Departmental Legal Services Unit
Natural Resources Canada
The LSU relies on NRCan’s and the Department of Justice’s information systems for decision-making and accountability purposes.
Management requires reliable and timely information on which to base decisions and provide accountability. A significant amount of that information comes from various computerized information systems.
As noted in “Financial Resources,” the DLSU receives financial reports from the NRCan financial system on a monthly and quarterly basis. The Office Manager reviews the reports monthly and identifies required changes, where appropriate. Timing differences between the Department of Justice’s Salary Management System and NRCan’s financial system are reconciled. The NRCan Sector that received legal services from a Department of Justice regional office or a headquarters group (e.g. Civil Litigation, Public Law Sector) is identified, and approval for the internal charge-back is sought. The reports provide basic information about expenses and commitments, but the LSU’s General Counsel and Executive Director noted that the reports do not allow the LSU to track its expenditures against budget without additional manual manipulation. NRCan is planning to change its financial system starting in 2011-12.

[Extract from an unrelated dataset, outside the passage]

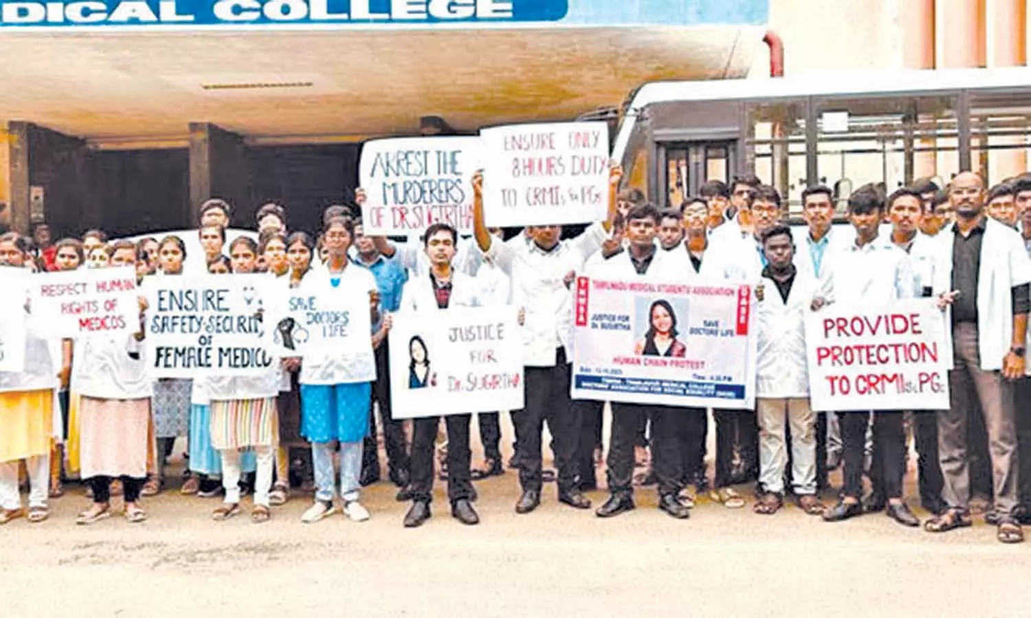இதில் தமிழ்நாடு மருத்துவ மாணவா்கள் சங்கம், சமூக சமத்துவத்துக்கான டாக்டா்கள் சங்கம் சாா்பில் நடைபெற்ற போராட்டத்தில், பாலியல் வன்முறை, கூடுதல் வேலை நேரம், கடும் உழைப்பு சுரண்டல், பகடி வதை உள்ளிட்ட காரணங்களால் தற்கொலைக்கு தள்ளப்பட்ட மருத்துவா் சுகிா்தாவுக்கு நீதி வழங்க வேண்டும்.

The NRCan LSU can generate timekeeping reports from iCase data for the LSU when required. The LSU also receives reports from other Justice offices, generally at least quarterly. Lawyers are encouraged by the General Counsel and Executive Director to record all of their time and not just the standard day (7.5 hours). The Office Manager follows up to ensure that the LSU’s lawyers enter their timekeeping data before the deadlines set by the Department of Justice, thereby ensuring that the timekeeping reports are complete. The LSU uses the reports to make year-over-year comparisons of the client department sectors that are using the LSU’s services, and to substantiate requests to the client department for additional resources.
The audit team is of the opinion that although the LSU must perform additional manual calculations to track its expenditures against budget, its information systems provide sufficient information for decision making and accountability.
The NRCan LSU’s file management practices are inconsistent and require improvement.
Except for a general policy that staff must work from both print and electronic files, there are no written procedures for file management in the NRCan LSU. As a result, practices differ from person to person. The LSU’s lawyers complete a form in order to open electronic files in the Recorded Information Management System (RIMS), and the legal assistants are responsible for placing documents in the corresponding physical file. However, some lawyers print the documents themselves, while others depend on their assistants. Some print information on a weekly basis, some do not. In the interim, physical files are incomplete, sometimes for several months.
The LSU lawyers use the DOCS Open information system to manage the information on their personal computers. All lawyers have been trained or are scheduled to be trained in using this system. However, because there are no procedures regarding electronic filing, each lawyer files documents differently. Some lawyers were of the opinion that the NRCan LSU would be more efficient if it became a totally paperless office, with all information regarding legal files in a searchable database. Nonetheless, the lack of a single, searchable database is not compromising the LSU’s effectiveness. Its lawyers stated that files can be found when needed, although it could be hard to locate specific opinions. In between file opening and closing, the file’s location is to be recorded in RIMS. We selected a judgmental sample of 13 files from RIMS and verified the physical location. RIMS was also queried to confirm that a further 12 files selected from the records room were recorded as being there. All the files were found in the recorded location.
It is the audit team’s opinion that, while a single searchable database of legal information is a desirable goal, its presumed efficiencies are unlikely to be realized unless file management practices become more consistent. Inconsistencies in file management practices harm productivity, whether the files are on paper or recorded electronically. They make it hard to ensure that all relevant information is associated with a file so that it can be readily passed from one lawyer to another if it changes hands, or if a dormant file needs to be reviewed for its relevance to a current file.
The NRCan LSU has improved its archiving practices.
The NRCan LSU is making a systematic effort to archive its closed files. Prior to the arrival of the current Records Manager, the person who handled records management used word processing software to track the LSU’s files. As a result, some of the NRCan LSU’s files have never been entered into RIMS. This must be done so that the files can be closed in the system and archived. At present, the NRCan LSU has entered 60 boxes of closed files into RIMS for transfer to archival storage, and it estimates there are another 20 boxes remaining.
The audit team concurs with the NRCan LSU’s archiving efforts.
Recommendation and Management Response
6. It is recommended that the General Counsel and Executive Director ensure that consistent electronic and print file management practices are implemented in the NRCan LSU.
I agree. A records management protocol is being developed and will be implemented by September 2010.